Exercise goal: Within the lines below, the span from the line with "היינט קומט פאר" to the line with "Xu Herta chỉ", both ends included, is to be reproduced exactly, with pictures omitted.

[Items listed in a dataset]
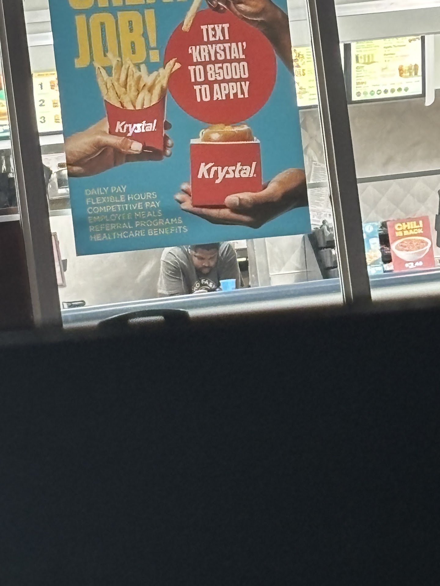 On Saturday around 1:00pm, I visited the Krystal restaurant, referenced in the subject line, via drive through. I was already pressed for time because I was on my way to catch a flight out of Montgomery. Where I currently reside, there isn't a Krystal or a White Castle, therefore, I try my best to stop at one of these locations (mainly Krystal) when I am out of town.
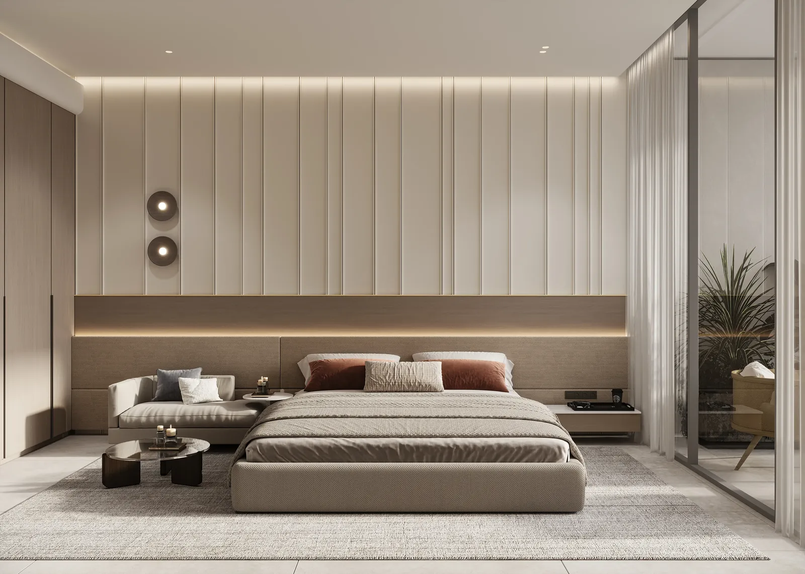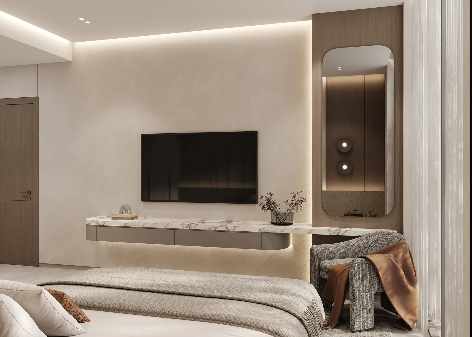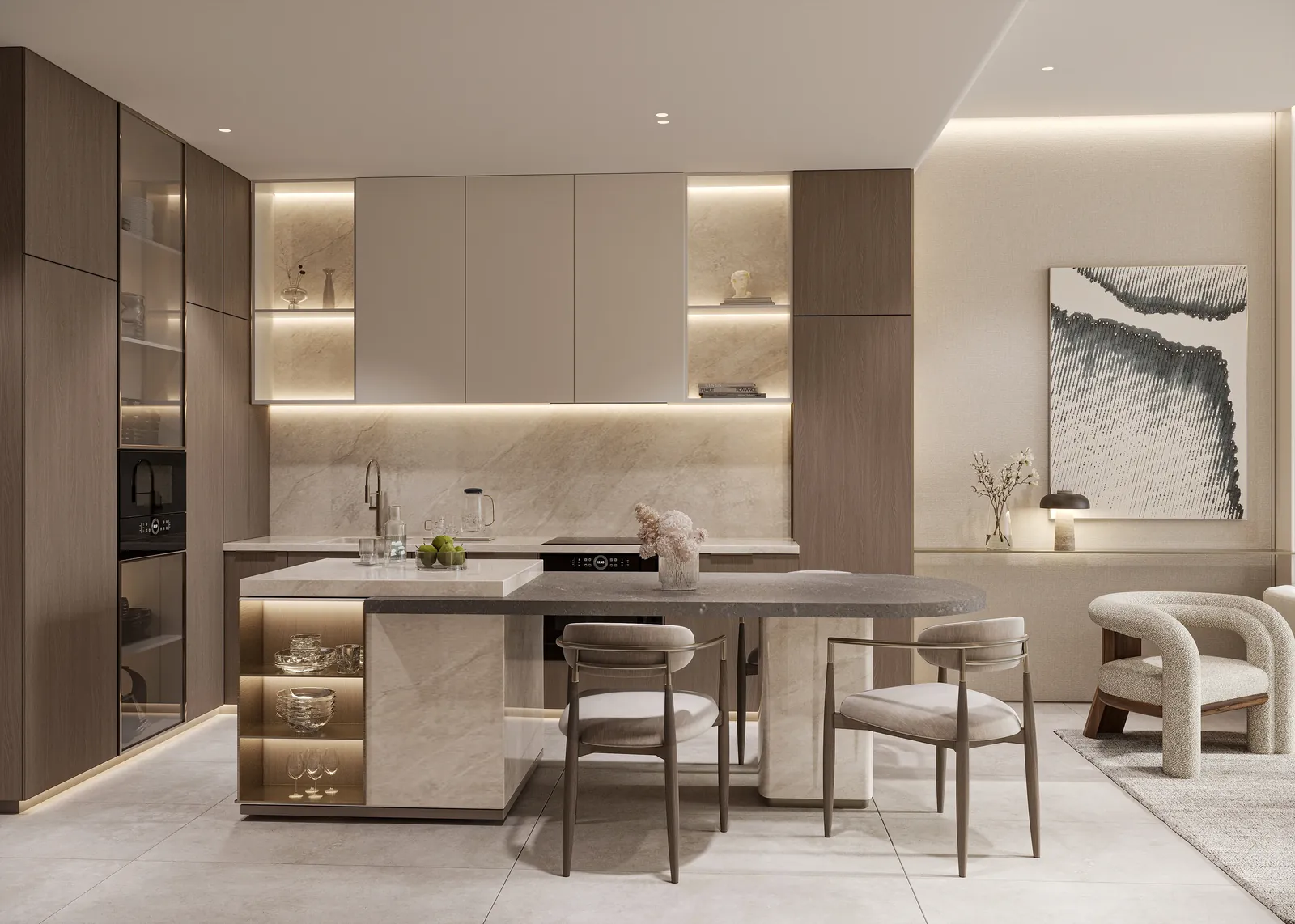 Inside, homes are shaped as tranquil retreats where natural stone, warm lighting, and soft textures come together in harmony. High ceilings and full-height windows bring in light and air, while smart-home systems and concierge services ensure effortless living. Kitchens open around sculpted marble islands, bathrooms mirror spa-like indulgence, and selected residences include private plunge pools — crafting an experience that feels both intimate and elevated.
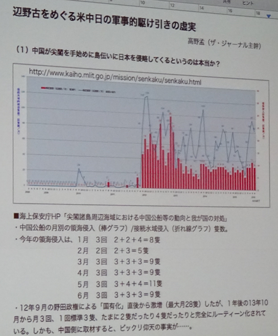 「中国船の領海侵犯が(↑グラフのように)一気に増えたのは、野田政権による尖閣国有化から。領海侵犯は月3回のルーティングだが、海上保安庁は「頻繁」と言っている。海保に中国が「明日行く」と通知するようになったのは、中国側から一方的にであり、トラブルを起こしたくないからとの事。一触即発状態ではない。中国側は尖閣の事実上の棚上げを認めている。
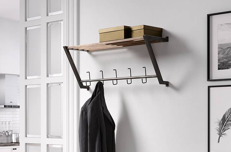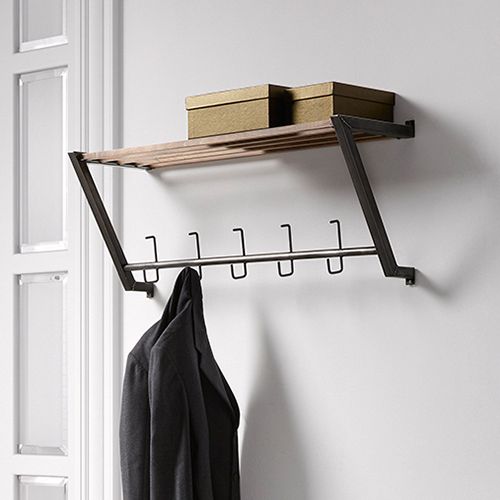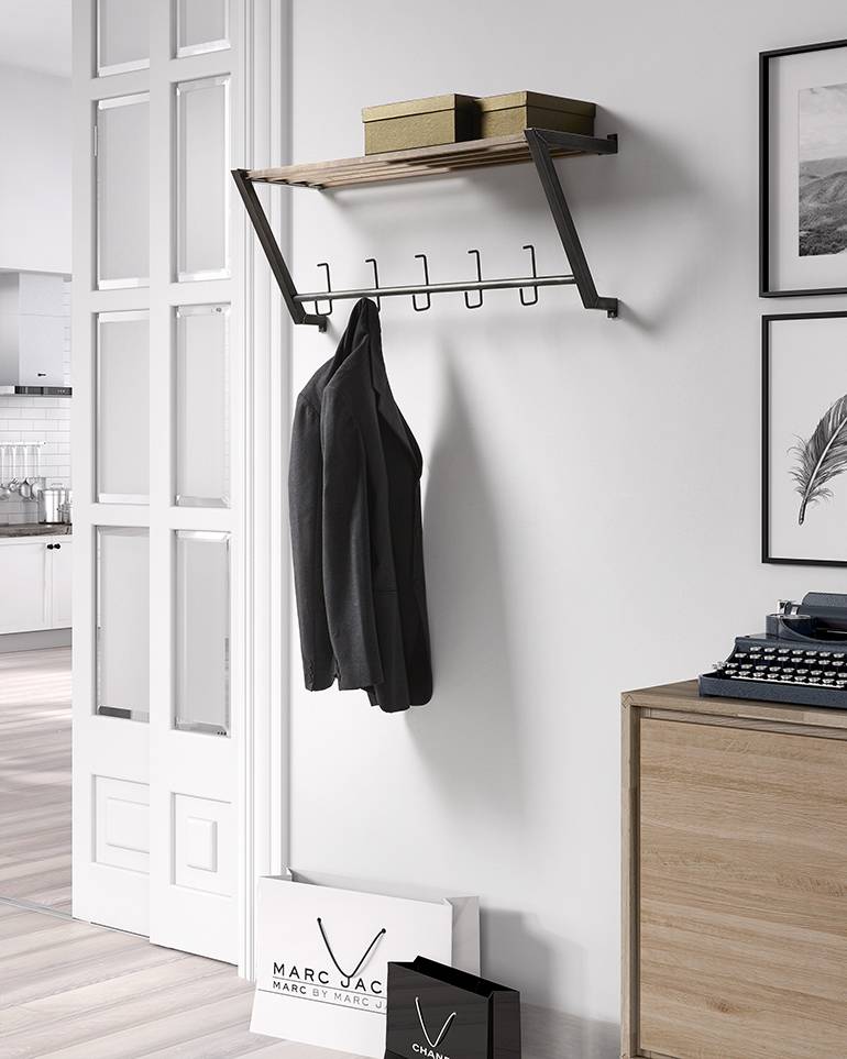 Industriële kapstok met 5 haken, de hoedenplank is gemaakt van hout. Breedte: 89 cm, hoogte: 34 cm, de kapstok komt 28 cm van de muur af. Dit is een 'bouwpakket' en krasjes zijn bij dit produkt niet uit te sluiten, excl. kleding hangers.
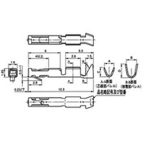 ・適用電線(AWG):#28~#24・B(mm):1.8・被覆外径(mm):0.8~1.2・C(mm):1.6・A(mm):1.6・D(mm):2.4・適用手動圧着工具:CT150-1-PSSF
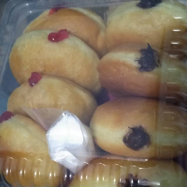 Sebox isi 8 dengan isian coklat dan selai strawberry ditambah gula donat yang bikin donat bomboloni tambah nikmat.
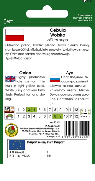 Cebula Wolska jest odmianą późną, jej okres wegetacji wynosi 140-150 dni. Cebula ta jest bardzo plenna, charakteryzuje się też dużą trwałością w przechowaniu. Tworzy kulisto-romboidalne cebule, wyrównane w kształcie, okryte słomkowożółtą cienką łuską. Osiągają masę 120-160g. Miąższ biały, smaczny. Duży udział plonu handlowego w plonie ogólnym. Odmiana polecana do bezpośredniego spożycia, przetwórstwa i przechowywania.
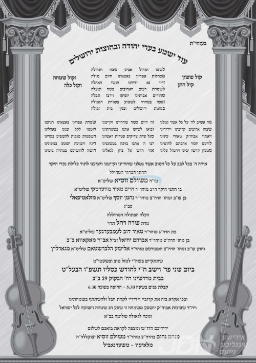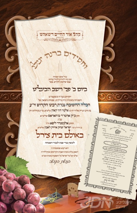 היינט קומט פאר די שמחת החתונה פונעם חתן א זון פון הגה"צ ר' ישראל לאבין שליט"א מזידטשויב מאנסי, איידעם ביי הגה"צ ר' יקותיאל משה שמחה שליט"א, מיט די כלה א טאכטער פון הגה"צ ר' אלעזר דוד קאהן שליט"א, זון פון הגה"צ אבד"ק סענדזשארץ שליט"א, און איידעם ביי כ"ק אדמו"ר מהאדאס שליט"א. – די שמחת החתונה קומט אין זאל בית צירל אין קרית טאהש.
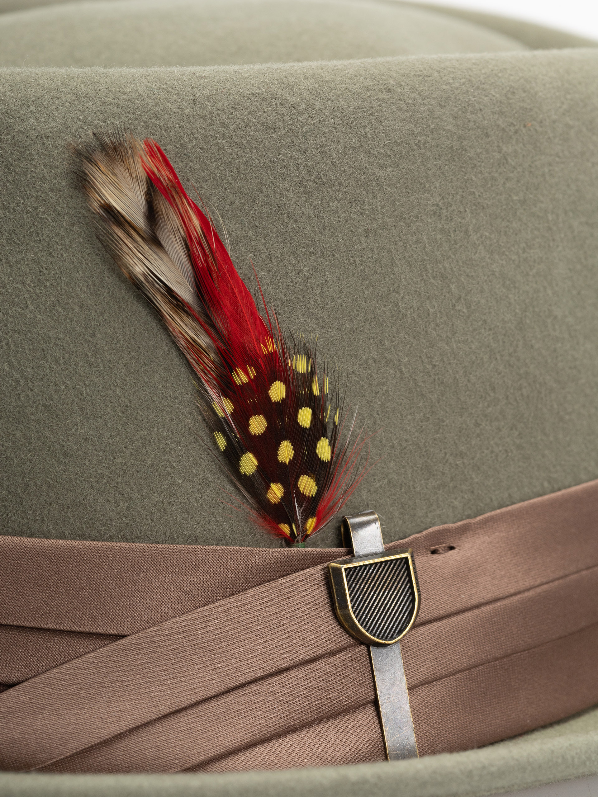 • Brixton Stout Pork Pie is an elegant felt hat with a short brim decorated with a satin band, feathers and a metal pin with an engraved Brixton logo
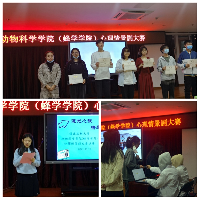 11月19日晚,由动物科学学院(蜂学学院)心理情景剧大赛决赛在学院七楼会议室举行。国家二级心理咨询师、校大学生心理健康指导中心老师李娟,食品科学学院辅导员林河晨,本学院辅导员赵佳懿、陈晔及第四届全国高校心理情景剧大赛二等奖剧目主演、校大学生艺术团话剧社成员吴思函同学担任评委,6组作品入围当晚决赛。
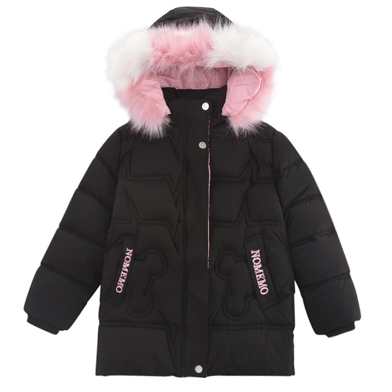 LANBENA Children's winter down jacket able children's medium and long printed wool collar hooded cotton
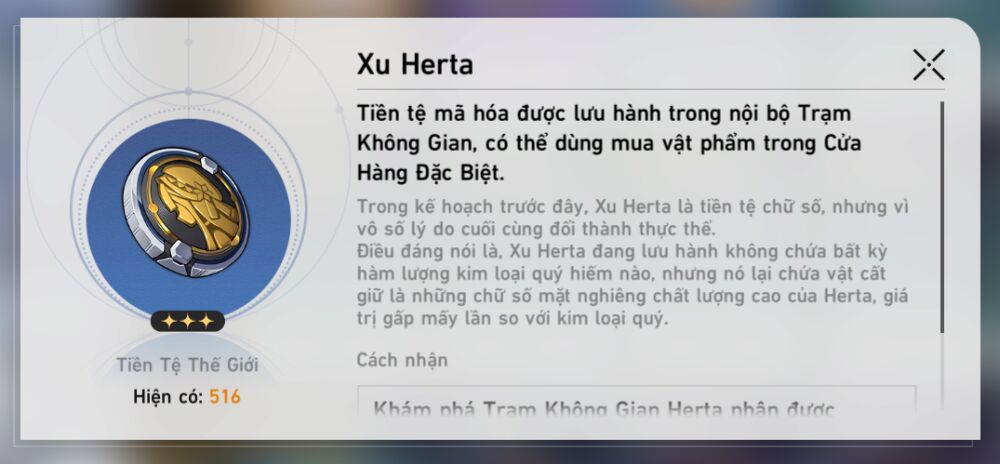 Xu Herta chỉ dành riêng cho cửa hàng thế giới của Trạm không gian Herta. Bạn có thể nhận được Xu Herta như một phần thưởng khi hoàn thành các nhiệm vụ phiêu lưu trong khu vực thế giới của trạm không gian Herta và mở các rương xung quanh nhà ga.
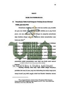 Skripsi ini mendeskripsikan tentang Pemanfaatan Media Sosial Instagram Sebagai Sarana Informasi Politik Fraksi PKS Provinsi Sumatera Utara. Partai PKS terlahir dari gerakan reformasi 1998, dan dapat dikatakan PKS merupakan partai nasionalis. Pada tanggal 20 Juli 1998, PKS berdiri dengan nama awal Partai Keadilan (disingkat PK) dalam sebuah konferensi pers di Aula Masjid Al-Azhar, Kebayoran Baru, Jakarta. Presiden (ketua) partai ini adalah Nurmahmu di Isma'il. Penelitian ini dimaksudkan untuk mengetahui sejauh mana pemahaman kemampuan humas PKS tentang pemanfaatan media sosial instagram sebagai sarana informasi politik. Penelitian ini menerapkan metode kualitatif dengan teknik studi lapangan (wawancara dan observasi). Aspek-aspek yang akan diteliti meliputi pemanfaatan media sosial instagram terhadap sarana informasi politik pada fraksi PKS, faktor penghambat pada pemanfaatan media sosial instagram fraksi PKS sebagai informasi politik, cara membuat e–flyer yang menarik menurut humas PKS. Dengan mengkaji aspek–aspek tersebut, penelitian ini bertujuan untuk memahami sejauh mana humas partai dalam pemanfaatan media sosial instagram sebagai sarana informasi politik. Hasil dari penelitian ini menyebutkan bahwa pada akun instagram Fraksi PKS Provinsi Sumatera Utara yaitu @fraksipkssumut yang terbilang cukup aktif di akunnya di bandingkan oleh fraksi yang lain, serta memiliki jumlah pengikut terbanyak dari pada fraksi lain juga. Terpantau tim humas fraksi cukup aktif memposting kegiatan partai, mulai dari melakukan sosialisasi resmi dengan masyarakat, membagian postingan gelar kajian rutin, melakukan bincang online melalui fitur live pada instagram atau bahkan merekam perbincangan dan menguploadnya dari fitur video atau reels yang disediakan oleh instagram, menyebarkan informasi mengenai event-event yang diadakan partai dan masih banyak lagi. Selain itu, banyak hal yang harus diperhatikan untuk membuat e– flyer yang baik, serta menarik dan unik bagi publik atau pembaca.
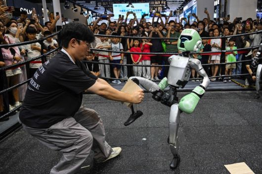 중국 상해에서 열린 세계 인공지능 컨퍼런스 도중 로봇이 송판을 깨고 있다. [AFP]
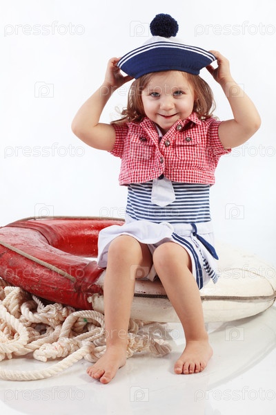 Портрет маленькой модной девочки в морском стиле
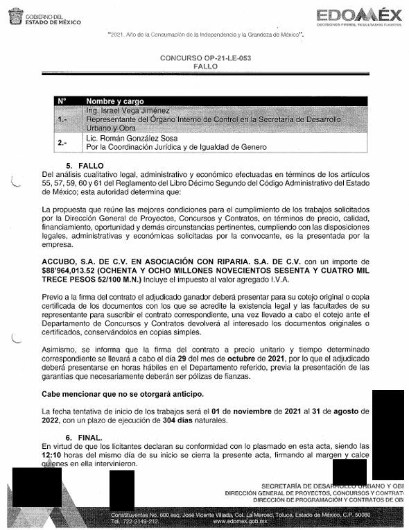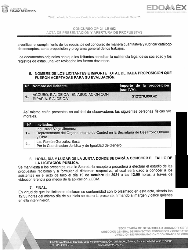 De acuerdo con las firmas del acta, las únicas personas presentes en el dictamen del fallo fueron Miguel Ángel Nieto, representante legal de Accubo y Riparia y Javier Izquierdo Lara, director general de Proyectos, Concursos y Contratos de la SEDUO.
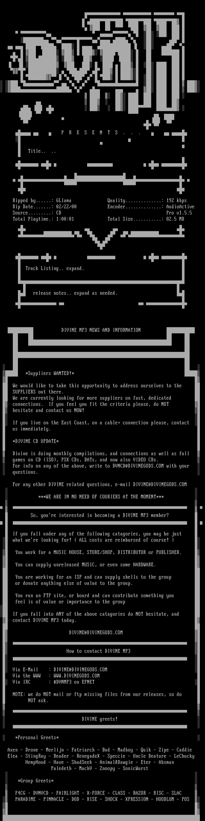 Via IRC : DVNMP3 on EFNET

Answer section:
 היינט קומט פאר די שמחת החתונה פונעם חתן א זון פון הגה"צ ר' ישראל לאבין שליט"א מזידטשויב מאנסי, איידעם ביי הגה"צ ר' יקותיאל משה שמחה שליט"א, מיט די כלה א טאכטער פון הגה"צ ר' אלעזר דוד קאהן שליט"א, זון פון הגה"צ אבד"ק סענדזשארץ שליט"א, און איידעם ביי כ"ק אדמו"ר מהאדאס שליט"א. – די שמחת החתונה קומט אין זאל בית צירל אין קרית טאהש.
 • Brixton Stout Pork Pie is an elegant felt hat with a short brim decorated with a satin band, feathers and a metal pin with an engraved Brixton logo
 11月19日晚,由动物科学学院(蜂学学院)心理情景剧大赛决赛在学院七楼会议室举行。国家二级心理咨询师、校大学生心理健康指导中心老师李娟,食品科学学院辅导员林河晨,本学院辅导员赵佳懿、陈晔及第四届全国高校心理情景剧大赛二等奖剧目主演、校大学生艺术团话剧社成员吴思函同学担任评委,6组作品入围当晚决赛。
 LANBENA Children's winter down jacket able children's medium and long printed wool collar hooded cotton
 Xu Herta chỉ dành riêng cho cửa hàng thế giới của Trạm không gian Herta. Bạn có thể nhận được Xu Herta như một phần thưởng khi hoàn thành các nhiệm vụ phiêu lưu trong khu vực thế giới của trạm không gian Herta và mở các rương xung quanh nhà ga.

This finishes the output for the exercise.